Lughnasaposter

Dancing at Lughnasa

A Play By Brian Friel

Dancing at Lughnasa is Brian Friel’s memory play. The narrator, Michael Mundy, recalls the time of the Festival of Lughnasa in 1936 when he was 7 and lived the rustic life with his mother and her 4 sisters in Ballybeg in Donegal, Ireland. They lead a quiet, country life which is stirred up by the return of their older brother, Jack, a priest who has spent 25 years as a missionary in Africa and whose experiences there have weakened and changed him, and Gerry, Michael’s father, who impregnated Chris and then left before the birth of the child.
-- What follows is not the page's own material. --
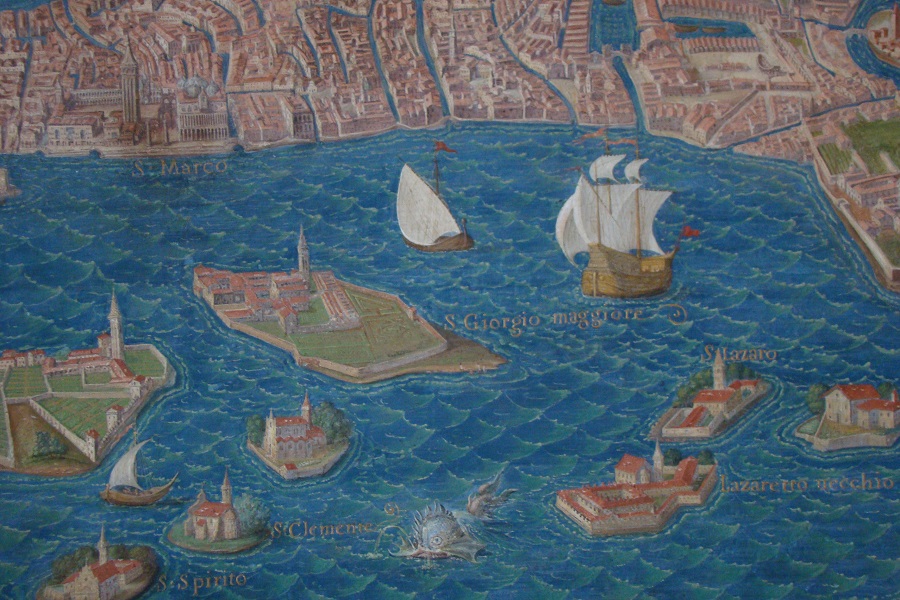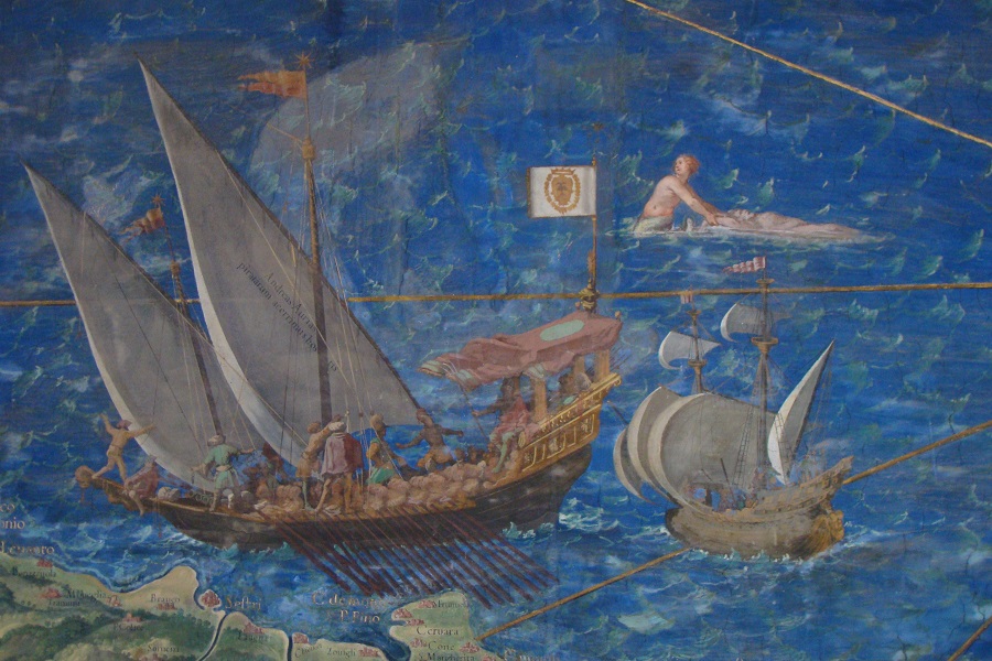 Οι τοιχογραφίες με τις θαλασσογραφίες είναι από το Βατικανό αναπαριστούν πλοία της εποχής της Βενετικής εξάπλωσης (φωτο¨Εν Άνδρω). Οι φωτογραφίες της Άνδρου είναι του "Εν Άνδρω" και έχουν παρθεί γύρω από το Πάνω Κάστρο που έχτισαν οι Βενετοί και οι Φράγκοι τις πρώτες δεκαετίες του 13ου αιώνα.
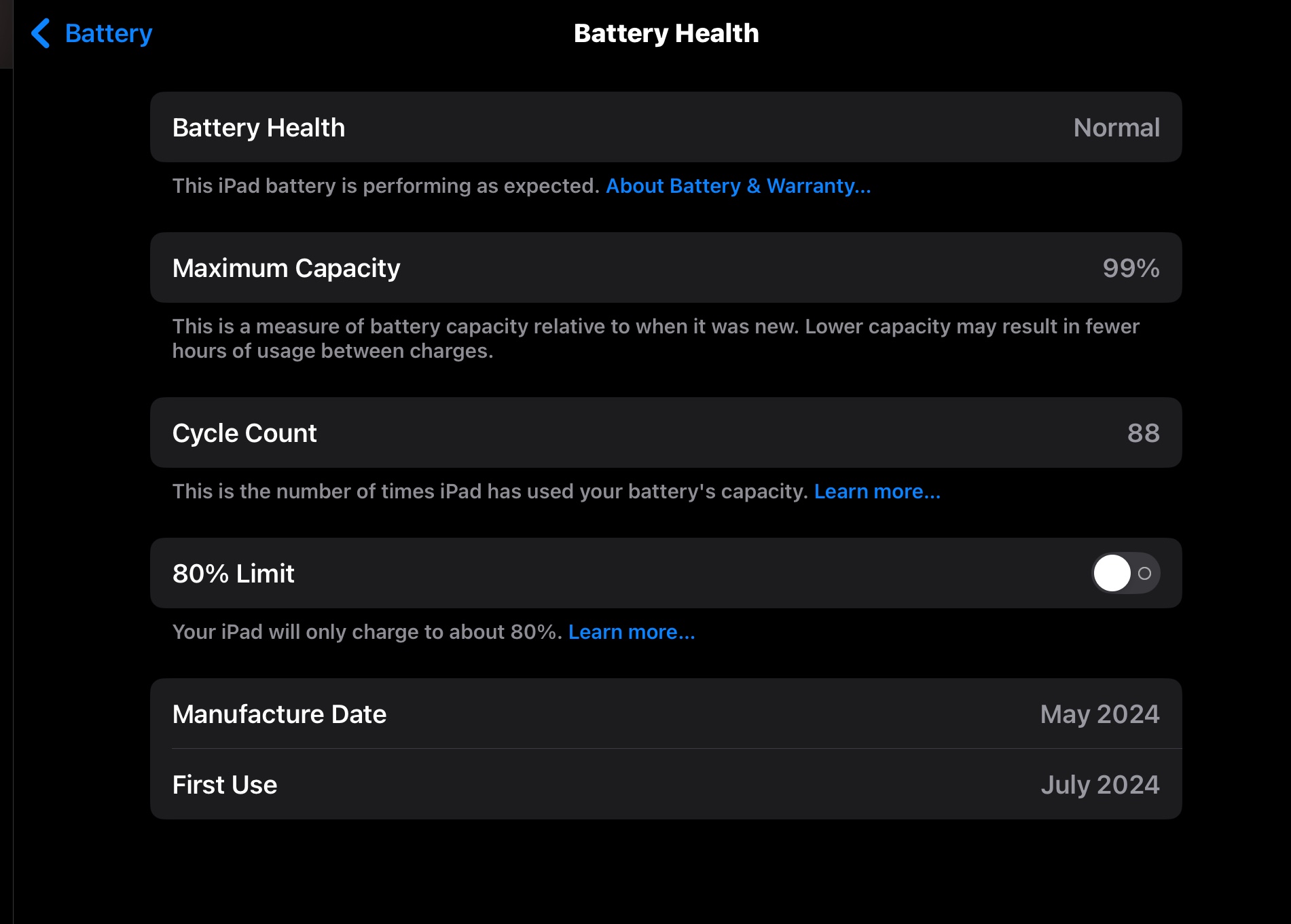 If you are experiencing difficulties with your iPad battery holding charge, you might be best advised to have your iPad tested. If you directly contact Apple Support - and explain your problem - you can request a remote battery diagnostic. The tests will confirm the status of your battery - and other elements of your iPad’s health.

He is a gadfly, a ne’er-do-well, always on the move and a man who shows his face in Ballybeg only intermittently throughout Michael’s life.
Dancing in all its forms was frowned upon by the Church in the 1930s.  Dancing is the central image of the play, from the civilised, ‘tame’ Astaire/Rodgers style of Michael’s parents through Father Jack’s ritual dances of pagan Africa to the wild frenzy of the sister’s Irish reel.
What leads into the titular dance in the play is the awareness of Lughnasa being celebrated – a pagan rite left over from ceremonies honouring Lugh, the god of the sun worshipped by the ancient Celts. Two meanings oscillate in the feast of Lughnasa: connotations of sexual awakening and transformation and the beginning of the darker days of the year. So the dance is not a catalyst into a bright future for the Mundy sisters. On the contrary, it is rather the last orgasmic manifestation of the women’s joy of life, the last fling of the spinsters — where hope and passion and the present meet before the tragic evening of their day sets in. What lies ahead is the sad break-up of a family.
And yet the play does not end on a note of hopelessness. In Michael’s memory the past is – despite the acknowledged tragic fates of the family members – illogically enchanted. The play denies pessimism.
The sisters:
Kate – is the hard-faced, puritanical sister who earns most of the meagre family income by teaching. She is the disciplinarian of the family, the spoilsport who tries to keep everyone in line and the family functioning.
Rose – a sweet and mildly retarded woman who, like her younger sister Chris, is made a fool of by a man. Nevertheless she maintains a lovely kind of dignity.
Agnes – is the quiet sister who spends her days knitting gloves until the glove factory comes to town. Her quietness may well hide the deepest well of yearning of all the sisters.
Chris – the unmarried mother who – normally pragmatic and equipped with a sharp intelligence – must almost believe the lies of the usually absent Gerry to protect herself and her child.
Maggie – is the life force of the family. She is the earthy, pagan, funny, sexy woman who invariably finds sunshine in the shadows.